Catalytic conversion of Jerusalem artichoke tuber into hexitols using the bifunctional catalyst Ru/(AC-SO3H)

doi:10.1016/S1872-2067(15)60933-0

Abstract

Abstract:

Jerusalem artichoke tuber (JAT) was employed as a feedstock for production of hexitols under mild conditions over a sulfonated activated carbon supported Ru catalyst (Ru/(AC-SO₃H)). In comparison with conventional Ru/AC catalyst, the sulfonation process of the carbon support was observed to create abundant surface acid groups, which in turn function as the anchoring sites for Ru nanoparticles, thus increasing the dispersion of Ru. Consequently, the bifunctional Ru/(AC-SO₃H) catalyst displayed significantly enhanced activity in one-pot production of hexitols from JAT; the hexitols yield achieved 92.6% over the 3%Ru/(AC-SO₃H) catalyst when the reaction was conducted at 373 K and 6 MPa H₂ for 3 h. The stability of the catalyst was also investigated, which showed a decreasing trend in the yield of sorbitol with the run number due to poisoning of Ru surface by the impurity in the JAT feedstock. In contrast, when pure inulin was used as the feedstock, the catalyst presented excellent stability in the successive four runs.
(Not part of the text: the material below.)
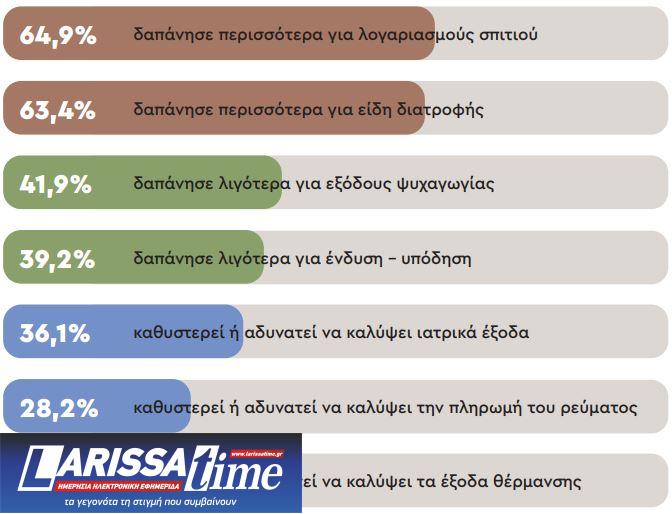 Οι αυξήσεις στα τρόφιμα επηρεάζουν το 72,4% των πολιτών σε τέτοιο βαθμό, ώστε να περιορίζουν δαπάνες για άλλες ανάγκες, ενώ οι δαπάνες για λογαριασμούς σπι-τιού και είδη διατροφής έχουν αυξηθεί για πάνω από το 60% των νοικοκυριών. Αντίθετα, 4 στους 10 μειώνουν τις εξόδους τους για ψυχαγωγία (41,9%) και αγορές ένδυσης-υπόδησης (39,2%).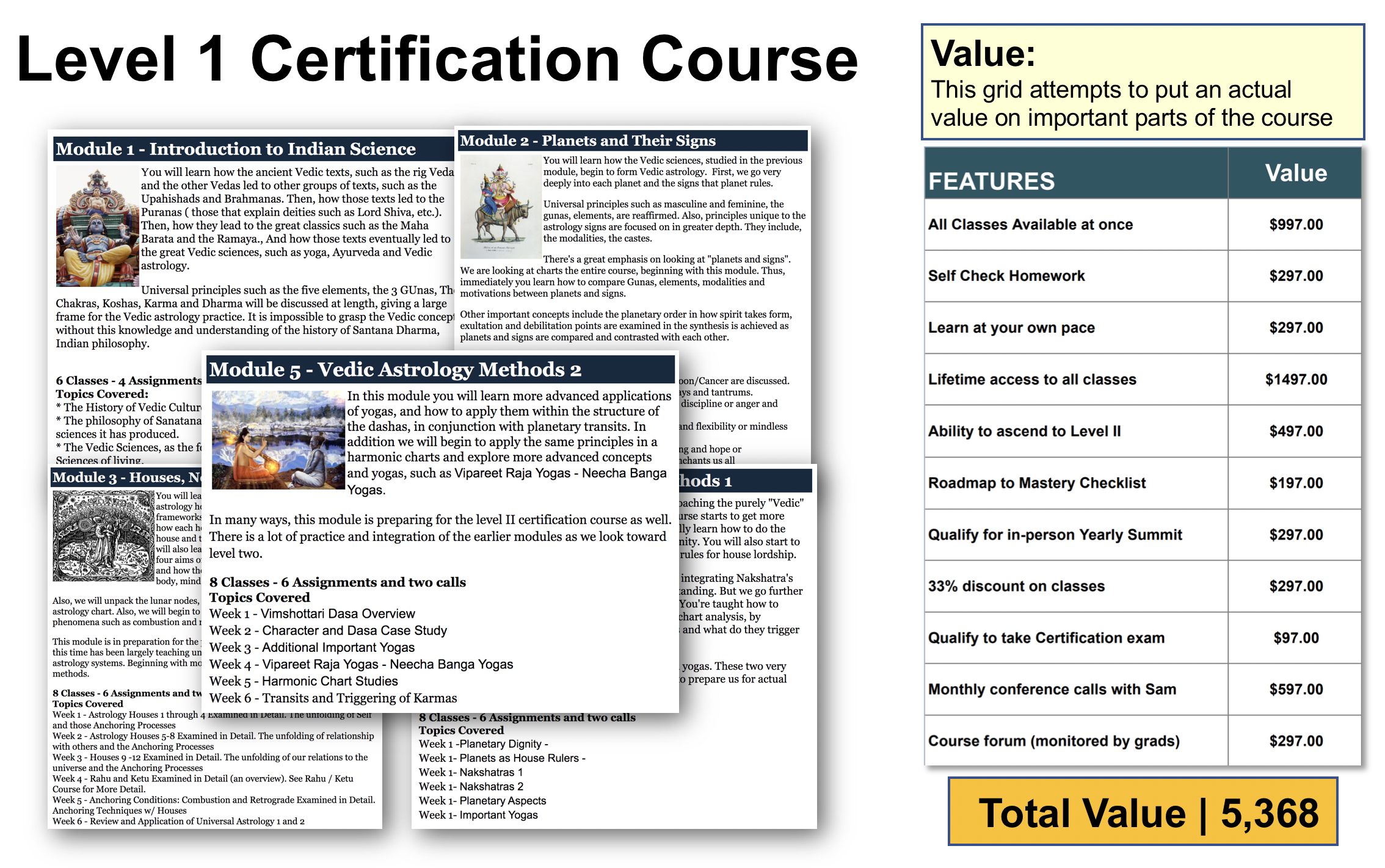 Only now that we begin approaching the purely "Vedic" methods. At this point the course starts to get more complicated as you will actually learn how to do the calculations for planetary dignity. You will also start to learn the complex and subtle rules for house lordship.Also, we spend several weeks integrating Nakshatra's into your astrological understanding. But we go further than just rote memorization. You're taught how to actually use a Nakshatra's in chart analysis, by redoubling our efforts on the deities of the Nakshatra's and what do they trigger in their dasa cycles.

Key words: Jerusalem artichoke tuber, Hexitols, Bifunctional catalysts, Hydrolysis, Hydrogenation, Ruthenium, Sulfonation

Likun Zhou, Zhenlei Li, Jifeng Pang, Mingyuan Zheng, Aiqin Wang, Tao Zhang. Catalytic conversion of Jerusalem artichoke tuber into hexitols using the bifunctional catalyst Ru/(AC-SO₃H)[J]. Chinese Journal of Catalysis, 2015, 36(10): 1694-1700.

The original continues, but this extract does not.